» **WHAT IS NEEDED**: Exactly the lines from the one with "- รถยนต์ จากกรุงเทพมหานคร" through the final line of the entries, and nothing else, should appear in the answer; no pictures go in it.
(RECORDS FOR THIS EXERCISE Opens)
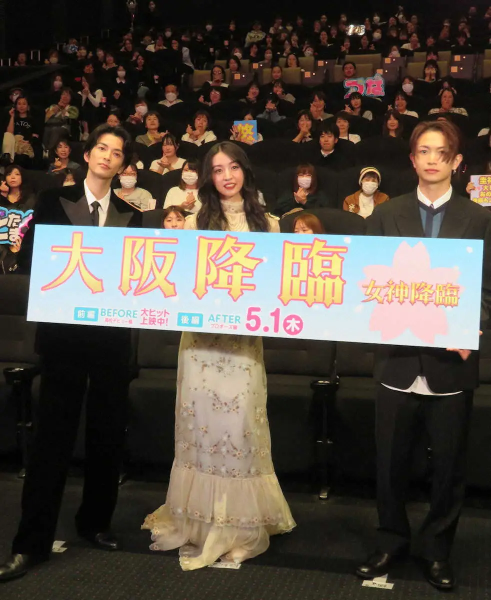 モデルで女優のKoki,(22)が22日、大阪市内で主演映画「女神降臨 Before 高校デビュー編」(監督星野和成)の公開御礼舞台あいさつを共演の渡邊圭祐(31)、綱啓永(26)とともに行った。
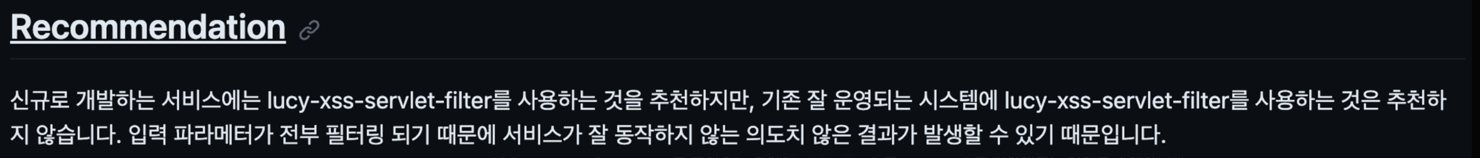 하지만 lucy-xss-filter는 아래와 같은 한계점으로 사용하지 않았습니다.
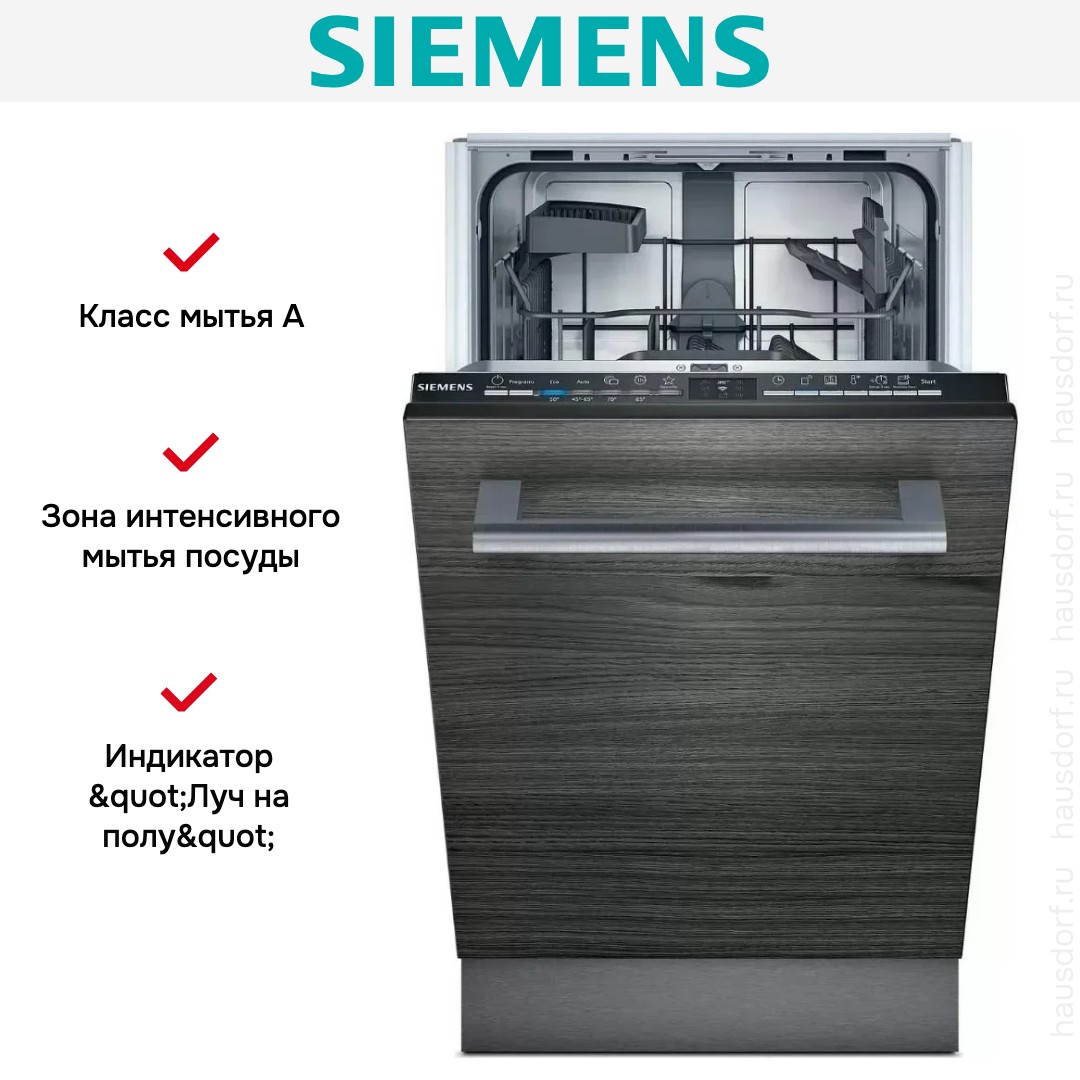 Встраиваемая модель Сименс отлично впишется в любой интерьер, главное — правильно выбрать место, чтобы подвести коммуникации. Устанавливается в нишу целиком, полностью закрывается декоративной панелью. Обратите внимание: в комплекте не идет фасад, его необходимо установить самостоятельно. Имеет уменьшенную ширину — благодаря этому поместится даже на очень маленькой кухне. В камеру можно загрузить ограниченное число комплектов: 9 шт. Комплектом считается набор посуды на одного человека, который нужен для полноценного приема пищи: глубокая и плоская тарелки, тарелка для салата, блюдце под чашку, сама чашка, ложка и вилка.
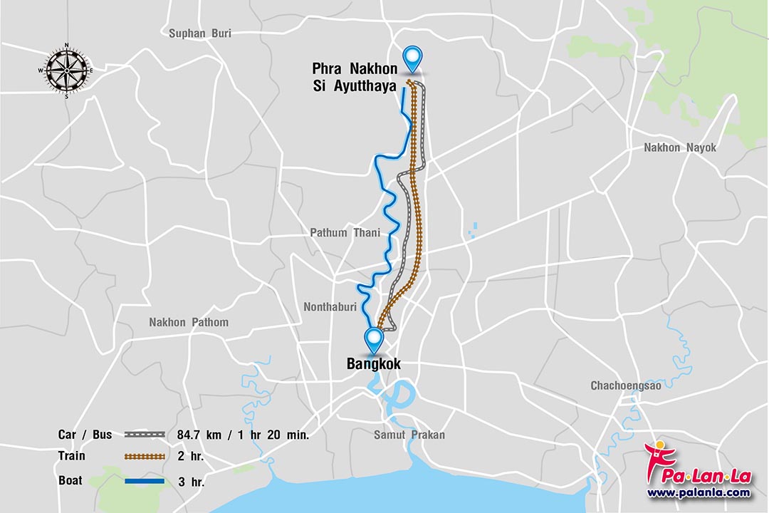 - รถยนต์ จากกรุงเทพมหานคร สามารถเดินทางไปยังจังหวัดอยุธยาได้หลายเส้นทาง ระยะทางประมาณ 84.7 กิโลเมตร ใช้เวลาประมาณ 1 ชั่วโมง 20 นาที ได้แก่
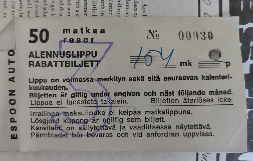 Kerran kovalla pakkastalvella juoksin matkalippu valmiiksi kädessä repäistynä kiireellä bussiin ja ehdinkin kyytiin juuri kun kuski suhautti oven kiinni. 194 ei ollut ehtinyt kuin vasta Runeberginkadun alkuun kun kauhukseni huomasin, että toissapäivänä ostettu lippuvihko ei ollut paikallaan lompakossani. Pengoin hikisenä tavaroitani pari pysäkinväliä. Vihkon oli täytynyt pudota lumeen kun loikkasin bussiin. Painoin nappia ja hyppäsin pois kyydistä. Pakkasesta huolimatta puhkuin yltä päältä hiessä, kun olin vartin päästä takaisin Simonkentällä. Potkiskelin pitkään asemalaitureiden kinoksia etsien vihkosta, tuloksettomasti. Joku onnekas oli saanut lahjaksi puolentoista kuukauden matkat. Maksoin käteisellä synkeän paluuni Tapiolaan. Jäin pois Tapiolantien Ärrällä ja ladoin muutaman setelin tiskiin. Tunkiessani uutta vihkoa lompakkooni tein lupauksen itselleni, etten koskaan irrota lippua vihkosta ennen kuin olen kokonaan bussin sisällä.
(RECORDS FOR THIS EXERCISE Closes)
» **ANSWER BOX**:
 - รถยนต์ จากกรุงเทพมหานคร สามารถเดินทางไปยังจังหวัดอยุธยาได้หลายเส้นทาง ระยะทางประมาณ 84.7 กิโลเมตร ใช้เวลาประมาณ 1 ชั่วโมง 20 นาที ได้แก่
 Kerran kovalla pakkastalvella juoksin matkalippu valmiiksi kädessä repäistynä kiireellä bussiin ja ehdinkin kyytiin juuri kun kuski suhautti oven kiinni. 194 ei ollut ehtinyt kuin vasta Runeberginkadun alkuun kun kauhukseni huomasin, että toissapäivänä ostettu lippuvihko ei ollut paikallaan lompakossani. Pengoin hikisenä tavaroitani pari pysäkinväliä. Vihkon oli täytynyt pudota lumeen kun loikkasin bussiin. Painoin nappia ja hyppäsin pois kyydistä. Pakkasesta huolimatta puhkuin yltä päältä hiessä, kun olin vartin päästä takaisin Simonkentällä. Potkiskelin pitkään asemalaitureiden kinoksia etsien vihkosta, tuloksettomasti. Joku onnekas oli saanut lahjaksi puolentoista kuukauden matkat. Maksoin käteisellä synkeän paluuni Tapiolaan. Jäin pois Tapiolantien Ärrällä ja ladoin muutaman setelin tiskiin. Tunkiessani uutta vihkoa lompakkooni tein lupauksen itselleni, etten koskaan irrota lippua vihkosta ennen kuin olen kokonaan bussin sisällä.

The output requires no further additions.